I am so happy to see more and more fatties wearing tight clothes. How I envy them their self confidence. I admit to being a more draped kind of girl, but I am working on it. I now traipse around the house in tight legging jeans and a cami top – and when I see myself in the mirror, I think I look pretty damn good. I even go outside dressed like that – but if I’m going to the store, I confess that I throw on a sweater.
I am not advocating one style over the other; but I’ll tell you one thing I learned back in my misspent youth working in a fat lady clothing store – if you wear loose fitting clothes, most people will assume that you are as big as those clothes, so you might as well show them exactly what you got!
Of course what you wear is also determined on what you’re going to be doing – I work in a law office, and they would be very unhappy if I came in with my boobs and/or belly and/or butt in view. For my own personal comfort, I usually try to keep most of those parts covered anyhow – except the boobs – sometimes. Hey boobs are a goodness.
But when I’m on campus, I love when I see fatties who have their bellies peaking out! You go girl! When we go to a size-acceptance dance, I love the fatties who are obviously reveling in their curves! It rocks!
Personally, I also have to deal with the issue of age-appropriateness. This is another toughie for me. In my head, I’m still in the midst of that misspent youth! I’ll see something adorable, to die for, and then there’s that nasty voice in the back of my head saying — should someone YOUR age really wear that? Sometimes I tell the voice to shut up; other times I have to say, okay – not really for me. But I try to base these decisions on what I am comfortable with — not what society says I “should” be wearing.
As I’ve said before, we all do the best we can at any given time. Somedays I’m up for making a statement by wearing tight clothes or putting red or purple in my hair. Somedays, I’m not up for the battle.
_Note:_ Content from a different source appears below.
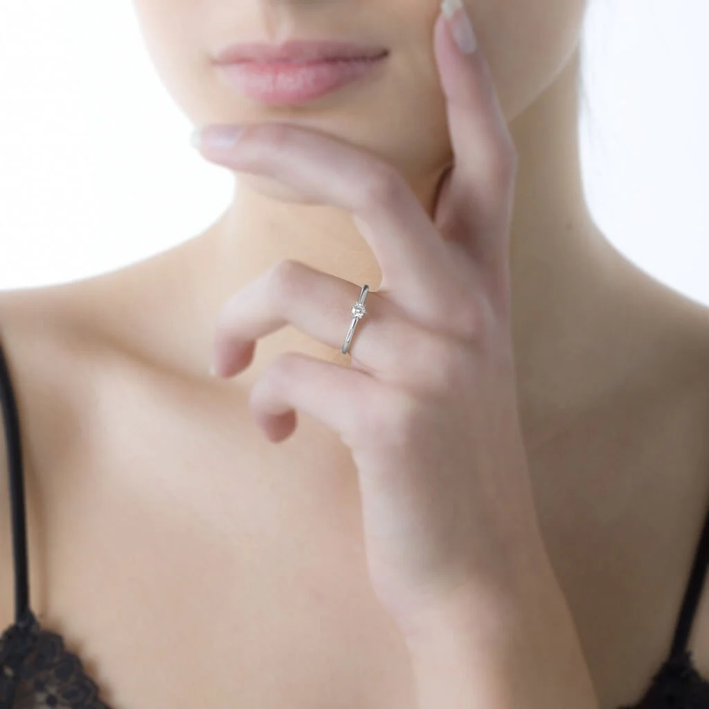 Solitaire Or Blanc 750/1000 Diamant 0.15cts Serti 6 Griffes

But I do try to dress to the occasion, to my own comfort level, and to my personal standards of appropriateness. Looking “good”, in and of itself, is a statement to the world. It shows fat-phobes and people who might otherwise be unaware, that fatties can (and do) look good; and it serves as a “good example” to other fatties. Sad to say, some fatties don’t think they can look good unless and until they lose weight. So you are putting them on notice too – hey, I look good – so can you!
And that is what I try to keep in mind when I see fatties in tight or revealing clothes. They look great – I’m like them – I can (and do) look great too! We’re in it together my fat friends.